Tenayuca's marker credits her with leading “a movement that fought deplorable working conditions, discrimination and unfair wages on behalf of the city's working poor.”
It does not note that the number of strikers and their supporters reached 12,000 and lasted for three months.
It also doesn't note that while the strike helped lead to passage of a minimum wage law, it ultimately was unsuccessful because the Southern Pecan Shelling Co. mechanized its operations, leading to thousands of layoffs.
“The strike was one of the first successful actions in the Mexican American struggle for political and social justice,” the marker says.
Most of the strikers were Mexican American women.
Tenayuca, unable to find work after the strike, left San Antonio and rebuilt her life in California, where she earned an undergraduate degree.
Her departure followed a 1939 riot against a Texas Communist Party meeting at Municipal Auditorium that she attended.
According to accounts, angry protesters — among them leaders and members of the Ku Klux Klan, veterans groups and the Catholic Church — rioted after hearing those inside sing “The Star-Spangled Banner.”
Tenayuca returned to San Antonio in the 1960s, earned a master's degree and taught in the Harlandale Independent School District until retiring in 1982.
Brinkman credited a staff historian who read an entry in the Handbook of Texas Online for suggesting a tribute to Tenayuca as part of the commission's Undertold Markers Program, an effort that identifies subjects “that aren't well represented in the marker program,” he said.

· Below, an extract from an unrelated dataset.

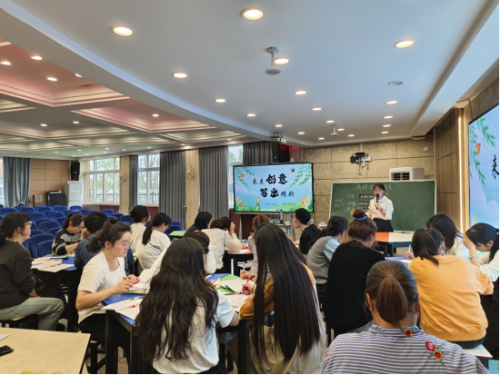 课后,张老师为我们带来了一场主题为《撬动思维:让语言表达有创意》的精彩讲座。讲座之初,张老师明确了瓯海区对创意表达的关切,紧接着便围绕“如何培养创意表达”展开细致的讲解。张老师从“训练形象思维,提升表达的生动性”“训练逻辑思维,提升表达输出的条理性”“训练发散思维,提升学生表达的独创性”三个维度循序渐进地引导我们如何帮助孩子们进行有创意的表达,从而助推孩子创新思维的再提升再发展,形成良性循环,促进学生核心素养的发展!张老师的讲座既有理论的深度,又具有实践指导的意义,为创意表达的教学点亮了一盏明灯。
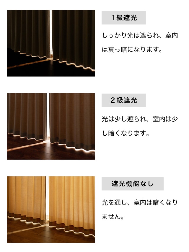 ただし、同商品内でもカラーによって遮光の等級が異なる場合がありますので、ご注意ください。

Brinkman said the commission already had designated as “undertold” the rise of the Texas labor movement in early-20th-century Texas.
So far, more than 70 subjects have been recognized in the Undertold Markers Program, he said.

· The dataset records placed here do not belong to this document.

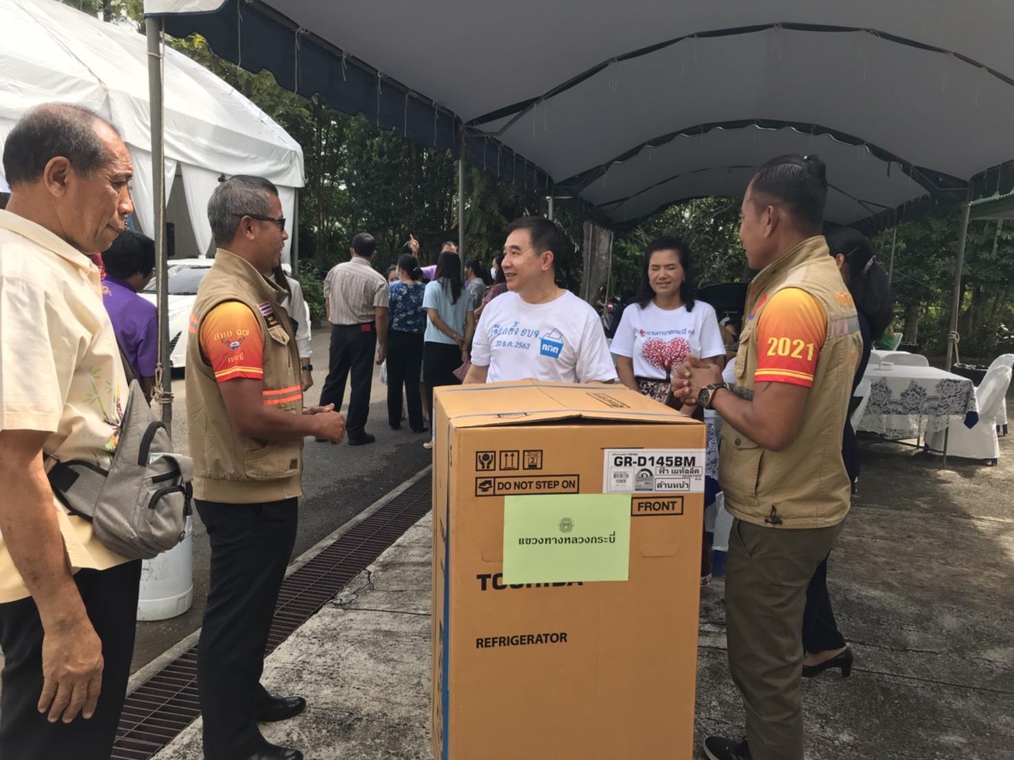 นายปรีชา วิเศษสิทธิ์ ผู้อำนวยการแขวงทางหลวงกระบี่ บริจาคของรางวัลสำหรับออกร้านมัจฉากาชาดจังหวัดกระบี่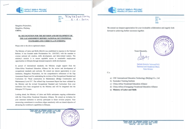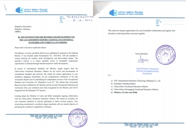 埃塞俄比亚国家职业标准建设项目于2023年4月正式立项,教务处牵头组织,相关学院组建项目建设工作组。经过多轮沟通研讨、修订开发、中埃塞双方专家审校等开发与制定工作,我校牵头开发的2个职业标准最终通过埃塞俄比亚劳动与技能部审核和认证,将指导埃塞俄比亚职业院校开展人才培养工作。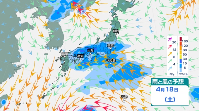 ▼12日の雨風予想

The site of Tenayuca's marker at Milam Park bears significance to her life and work.
Historian Felix Almaraz of the University of Texas at San Antonio and the Bexar County Historical Commission said that during Tenayuca's early life, the park was known as La Plaza del Zacate.
“That was the original ‘West Side' of the city,” he said. As travelers made their way into town along Buena Vista Street with their horses and livestock, they'd tether and feed them there, he said.
Zacate is the Spanish word for grass or hay.
Over time, the plaza grew into a marketplace of both products and ideas and blossomed during the Mexican Revolution, when refugees poured into the city. Speeches were made there, stories from La Prensa were read aloud, and discussion and debate ensued, Almaraz said.
The seeds of Tenayuca's political activism were sown there, too. In 1933, at just 16, she was arrested as part of a strike against the Finck Cigar Co. in San Antonio.
Her life has been the subject of articles, tributes, portraits, murals and a play. Sharyll Teneyuca and San Antonio writer Carmen Tafolla wrote a children's book, “That's Not Fair: Emma Tenayuca's Struggle for Justice/ No Es Justo: La Lucha de Emma Tenayuca por la Justicia,” in 2008.
Teneyuca said she and Tafolla are working on a biography and screenplay of the labor leader's life.